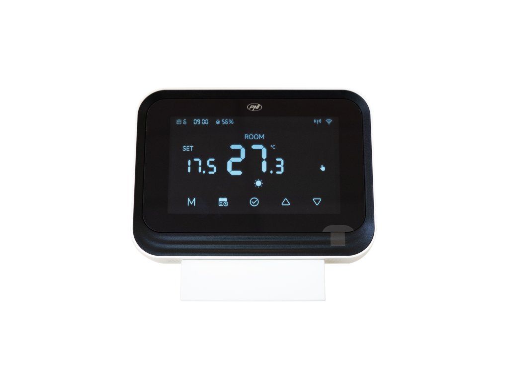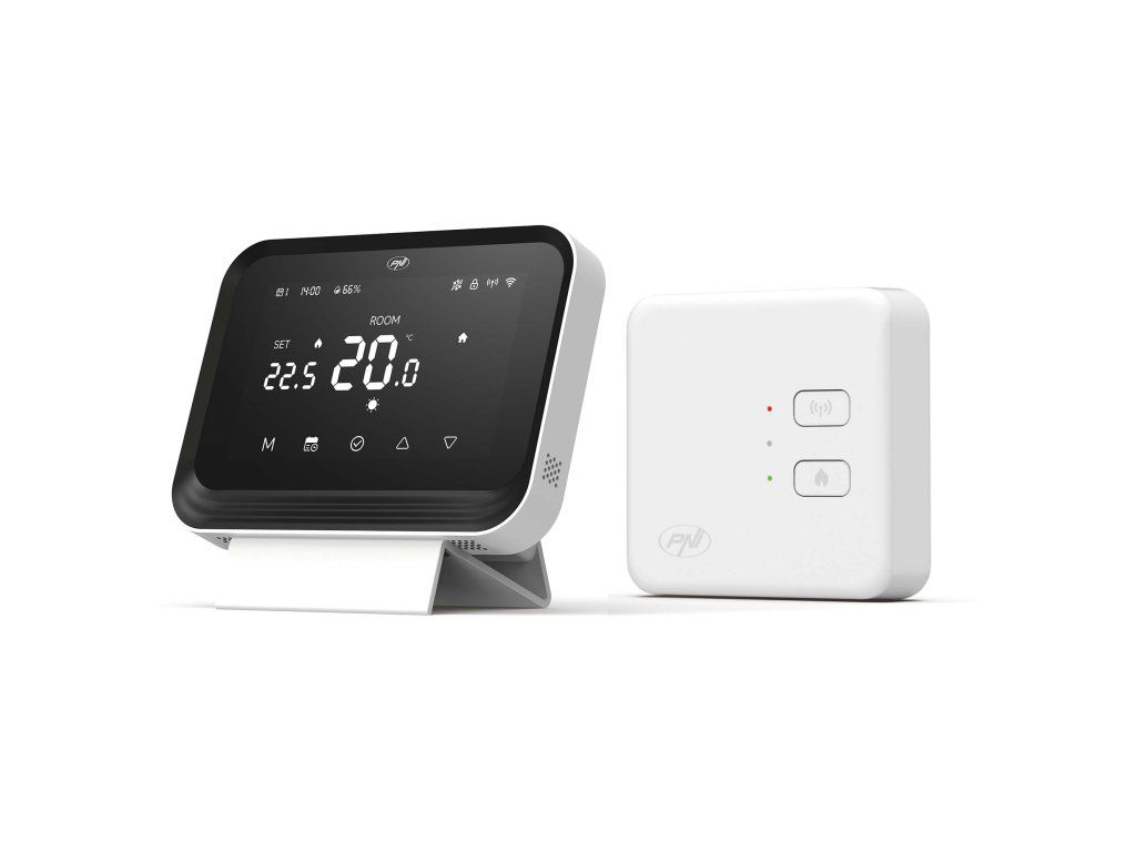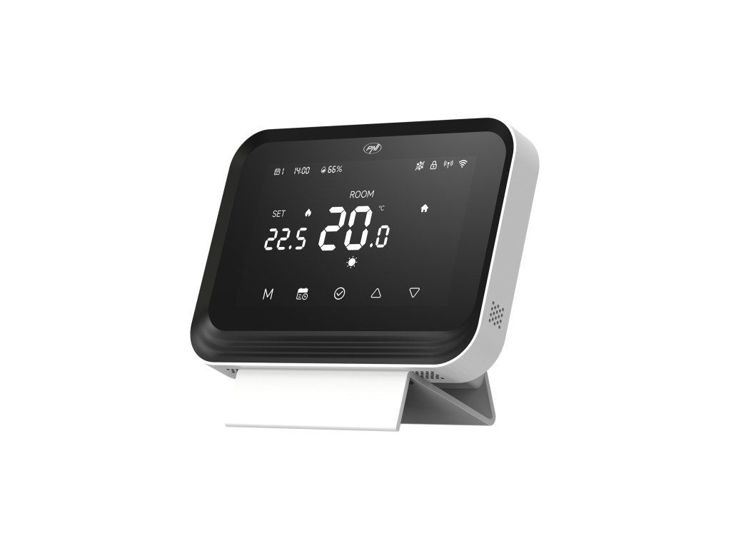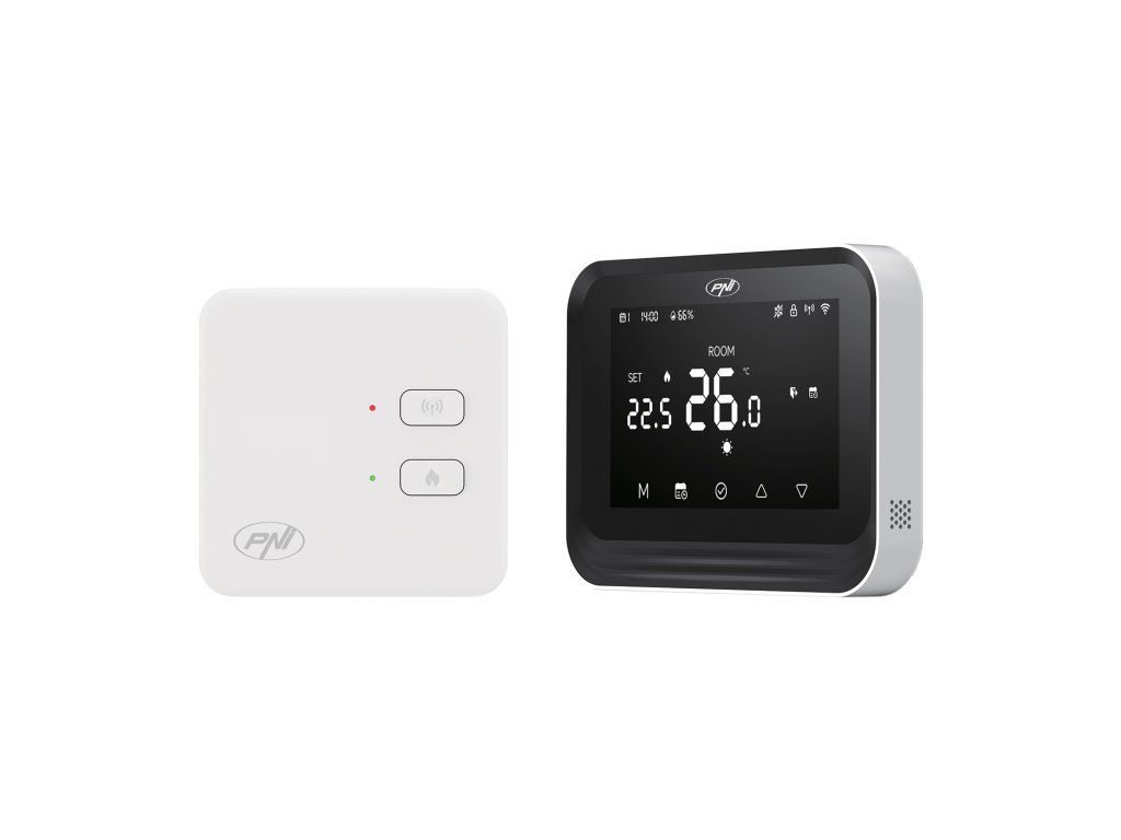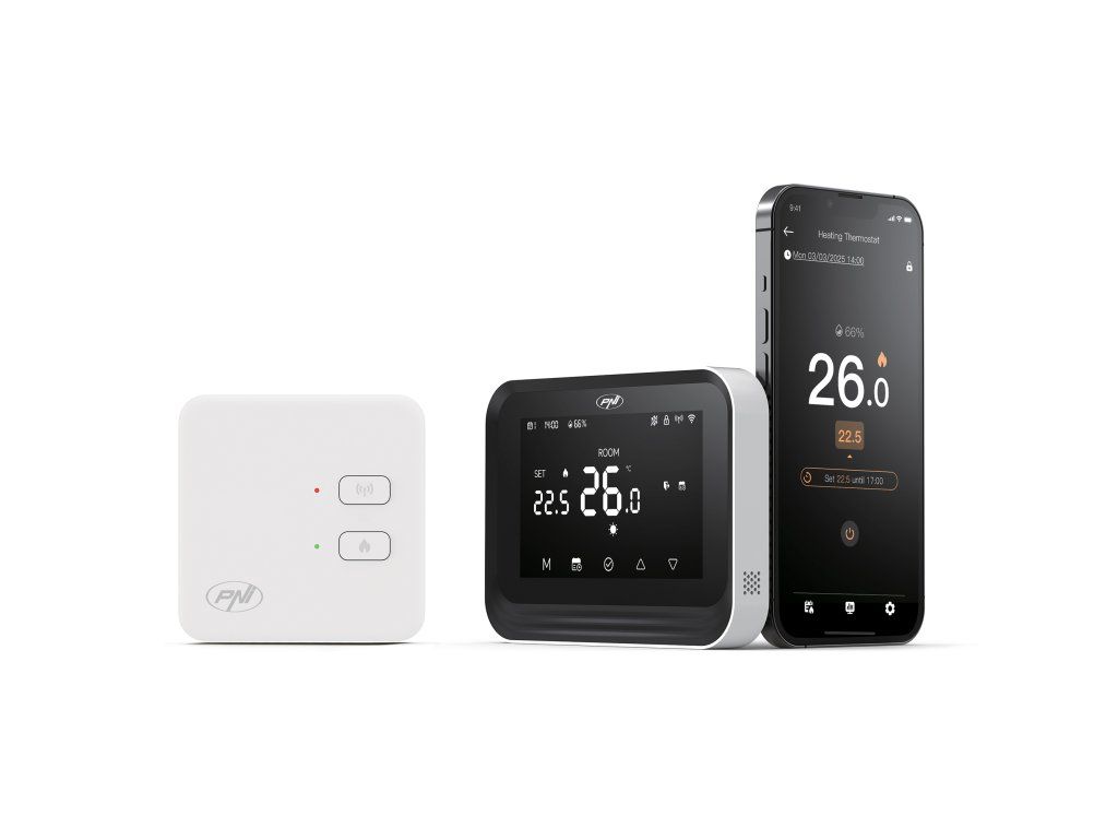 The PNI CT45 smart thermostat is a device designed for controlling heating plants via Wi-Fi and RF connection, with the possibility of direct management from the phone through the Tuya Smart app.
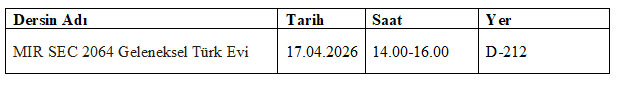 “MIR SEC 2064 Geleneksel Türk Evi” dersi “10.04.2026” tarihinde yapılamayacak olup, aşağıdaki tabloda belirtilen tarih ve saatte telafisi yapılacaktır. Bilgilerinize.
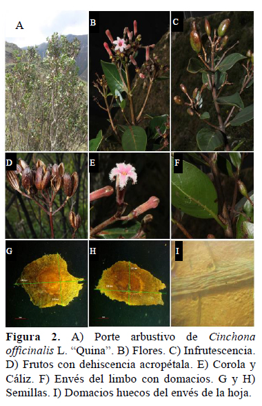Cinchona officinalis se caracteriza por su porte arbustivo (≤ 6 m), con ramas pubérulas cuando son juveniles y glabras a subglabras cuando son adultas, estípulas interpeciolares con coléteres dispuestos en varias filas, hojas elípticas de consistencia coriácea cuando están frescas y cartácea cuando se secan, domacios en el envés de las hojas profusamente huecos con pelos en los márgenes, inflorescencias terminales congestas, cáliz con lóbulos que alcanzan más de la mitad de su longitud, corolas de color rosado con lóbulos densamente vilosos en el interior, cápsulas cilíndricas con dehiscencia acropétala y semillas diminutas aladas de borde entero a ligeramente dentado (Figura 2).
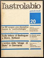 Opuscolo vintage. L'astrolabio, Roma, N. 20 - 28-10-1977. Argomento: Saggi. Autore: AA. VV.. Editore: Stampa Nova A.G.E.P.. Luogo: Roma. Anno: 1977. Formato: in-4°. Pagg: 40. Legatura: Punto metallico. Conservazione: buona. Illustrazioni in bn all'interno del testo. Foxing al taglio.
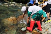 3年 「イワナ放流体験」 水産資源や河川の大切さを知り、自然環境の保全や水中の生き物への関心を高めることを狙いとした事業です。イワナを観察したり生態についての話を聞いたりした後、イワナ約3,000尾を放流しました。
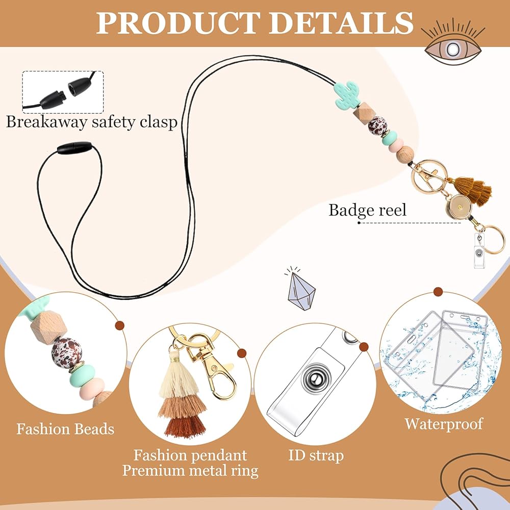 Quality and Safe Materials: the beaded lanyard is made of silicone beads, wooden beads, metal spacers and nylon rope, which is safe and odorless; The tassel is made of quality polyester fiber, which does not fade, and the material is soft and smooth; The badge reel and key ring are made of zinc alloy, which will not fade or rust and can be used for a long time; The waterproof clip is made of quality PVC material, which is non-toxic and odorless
* * *
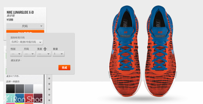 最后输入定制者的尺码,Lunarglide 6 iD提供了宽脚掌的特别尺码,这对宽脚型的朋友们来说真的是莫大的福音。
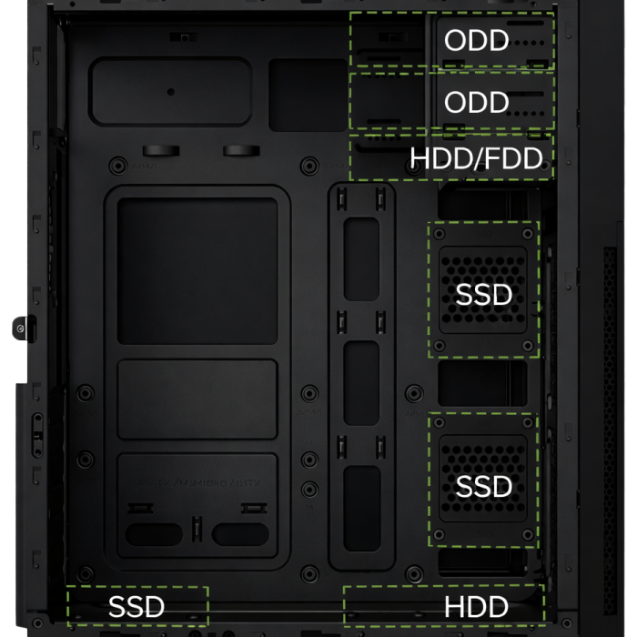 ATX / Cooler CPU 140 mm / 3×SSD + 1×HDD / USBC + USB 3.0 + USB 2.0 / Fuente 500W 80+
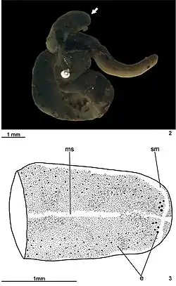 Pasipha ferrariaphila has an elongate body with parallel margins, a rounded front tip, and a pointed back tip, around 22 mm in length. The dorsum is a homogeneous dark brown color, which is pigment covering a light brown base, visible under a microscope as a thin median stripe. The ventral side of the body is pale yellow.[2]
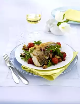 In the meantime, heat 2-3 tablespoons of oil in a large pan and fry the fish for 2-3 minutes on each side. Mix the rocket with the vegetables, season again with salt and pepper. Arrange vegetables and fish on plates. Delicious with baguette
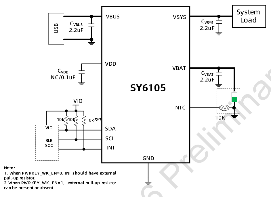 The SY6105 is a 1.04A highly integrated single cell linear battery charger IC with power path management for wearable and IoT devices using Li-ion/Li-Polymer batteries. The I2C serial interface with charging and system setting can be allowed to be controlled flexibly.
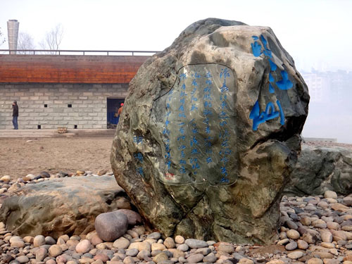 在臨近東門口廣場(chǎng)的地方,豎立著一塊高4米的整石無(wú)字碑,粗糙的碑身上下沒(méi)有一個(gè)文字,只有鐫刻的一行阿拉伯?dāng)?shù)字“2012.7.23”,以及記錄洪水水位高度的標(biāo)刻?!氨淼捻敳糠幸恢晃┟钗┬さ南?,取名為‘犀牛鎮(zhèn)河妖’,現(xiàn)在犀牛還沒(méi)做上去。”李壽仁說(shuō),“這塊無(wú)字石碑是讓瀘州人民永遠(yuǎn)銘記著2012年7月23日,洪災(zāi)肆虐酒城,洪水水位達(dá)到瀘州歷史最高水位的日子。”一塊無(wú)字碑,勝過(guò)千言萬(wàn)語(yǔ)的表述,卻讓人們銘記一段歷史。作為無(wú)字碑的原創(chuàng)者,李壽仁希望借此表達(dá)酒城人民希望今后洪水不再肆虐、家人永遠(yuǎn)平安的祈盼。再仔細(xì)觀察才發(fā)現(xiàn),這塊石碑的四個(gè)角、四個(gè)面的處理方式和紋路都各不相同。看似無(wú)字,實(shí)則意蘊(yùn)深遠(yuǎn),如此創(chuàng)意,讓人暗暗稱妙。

Task requirements - The answer must be the lines above from the one containing "In the meantime, heat" through the one containing "在臨近東門口廣場(chǎng", reproduced exactly, with no pictures and nothing else.

Response -
 In the meantime, heat 2-3 tablespoons of oil in a large pan and fry the fish for 2-3 minutes on each side. Mix the rocket with the vegetables, season again with salt and pepper. Arrange vegetables and fish on plates. Delicious with baguette
 The SY6105 is a 1.04A highly integrated single cell linear battery charger IC with power path management for wearable and IoT devices using Li-ion/Li-Polymer batteries. The I2C serial interface with charging and system setting can be allowed to be controlled flexibly.
 在臨近東門口廣場(chǎng)的地方,豎立著一塊高4米的整石無(wú)字碑,粗糙的碑身上下沒(méi)有一個(gè)文字,只有鐫刻的一行阿拉伯?dāng)?shù)字“2012.7.23”,以及記錄洪水水位高度的標(biāo)刻?!氨淼捻敳糠幸恢晃┟钗┬さ南?,取名為‘犀牛鎮(zhèn)河妖’,現(xiàn)在犀牛還沒(méi)做上去。”李壽仁說(shuō),“這塊無(wú)字石碑是讓瀘州人民永遠(yuǎn)銘記著2012年7月23日,洪災(zāi)肆虐酒城,洪水水位達(dá)到瀘州歷史最高水位的日子。”一塊無(wú)字碑,勝過(guò)千言萬(wàn)語(yǔ)的表述,卻讓人們銘記一段歷史。作為無(wú)字碑的原創(chuàng)者,李壽仁希望借此表達(dá)酒城人民希望今后洪水不再肆虐、家人永遠(yuǎn)平安的祈盼。再仔細(xì)觀察才發(fā)現(xiàn),這塊石碑的四個(gè)角、四個(gè)面的處理方式和紋路都各不相同。看似無(wú)字,實(shí)則意蘊(yùn)深遠(yuǎn),如此創(chuàng)意,讓人暗暗稱妙。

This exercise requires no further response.